West Kendall Corridor study establishing new guidelines

Editor’s note: This is the first of a two-part report.

More than two years in the making, a 58-page West Kendall Corridor Planning Report was presented in draft form to residents on May 21, providing new development guidelines for Kendall’s “Main Street” in the West End.

“This document shows what the suburbs for safe family life can be in the future,” said Miami-Dade District 11 Commissioner Juan C. Zapata speaking to some two-dozen citizens at the West End Regional Library. “The plan will increase available spaces for business and commercial facilities along Kendall Drive and adjoining areas.

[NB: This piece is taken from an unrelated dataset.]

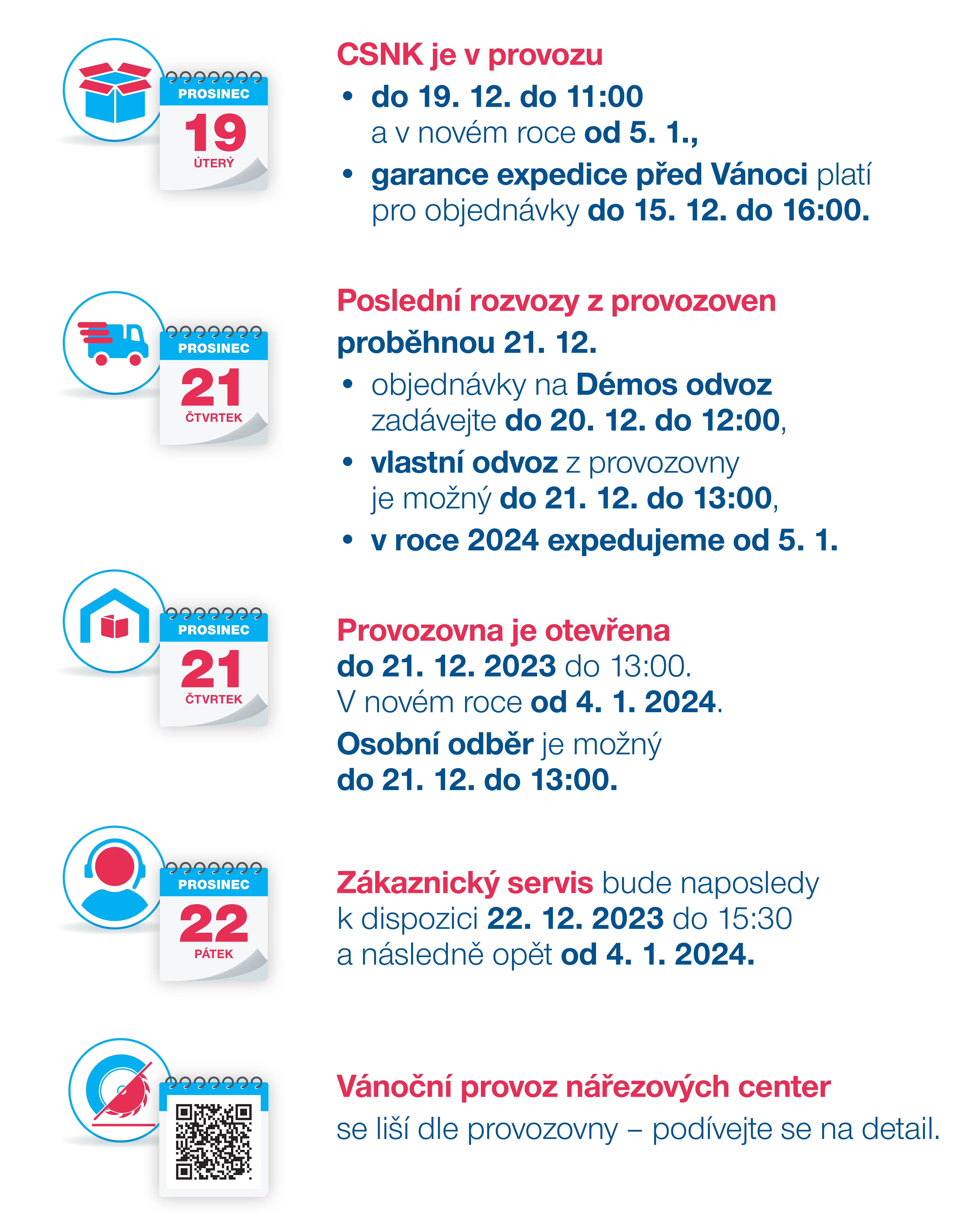 Objednávky můžete v době uzavření centrálního skladu, zákaznického servisu i prodejen zadávat online přes náš portál Démos24Plus s expedicí od 5. 1. 2024.

It was Zapata who initiated corridor planning in 2013 when he detailed a plan for a charrette that took place on Mar. 1, 2014, when more than 100 residents met with Miami-Dade County planners to sketch out ideas for future improvements along Kendall’s “Main Street,” west of SW 137th Avenue to the Everglades.

The corridor plan extends for one-half mile north and south of SW 88th Street for more than a 10-mile distance, providing extensive guidelines from transit and shopping centers to parks, new pedestrian trails and bike paths.

Major recommendations:
• Redevelopment of older shopping centers in the Kendale Lakes Plaza area;
• Provide bicycle lanes, wider sidewalks and/or additional landscaping;
• Require future Town Center DRI projects conform to CDMP land use;
• Adopt standards for more attractive business signage;
• Dedicate lanes for Bus Rapid Transit on Kendall Drive, and
• Require “mixed use” grid patterns, inter-connected canals and lakes, biking lanes, recreation areas in the Urban Expansion district.

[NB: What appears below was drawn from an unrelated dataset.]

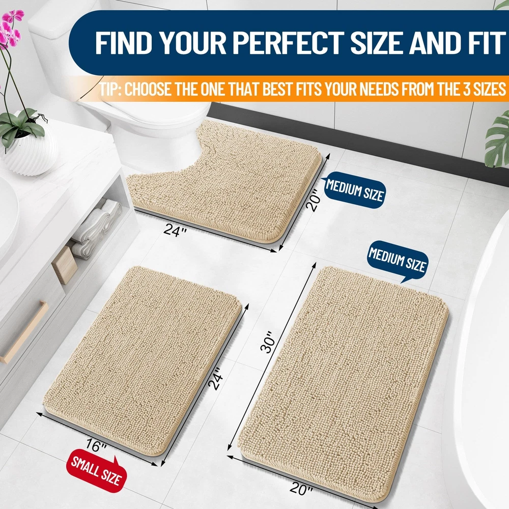 OLANLY Bathroom Rugs 24x16 Extra Soft Absorbent Chenille Bath Rugs Rubber Bac...

A visual summary of the report’s extensive recommendations coupled with impressive before-and-after graphics of redeveloped street ways and shopping plazas was led by Jess Linn, principal planner for Miami-Dade Country Development Services.

Recommendations of the report are “intended to set general guidelines…not as a substitute for land development recommendations,” he cautioned, answering questions raised by West Kendall community activist Frank Irizarry about the plan’s impact on current land use and the potential movement of the Urban Development Boundary (UDB) outside agricultural areas.

In a historical note, the report said the corridor study area “is particularly interesting since it was among the first areas to experience large-scale development following implementation of the county’s first comprehensive plan in 1965.

“Its physical form exhibits many of the planning goals and policies established at that time which were intended to result in a largely low-density suburban pattern of development.”

The draft report will go next for review by the Planning Advisory Board for any additional recommendations before presentation for approval by county commissioners.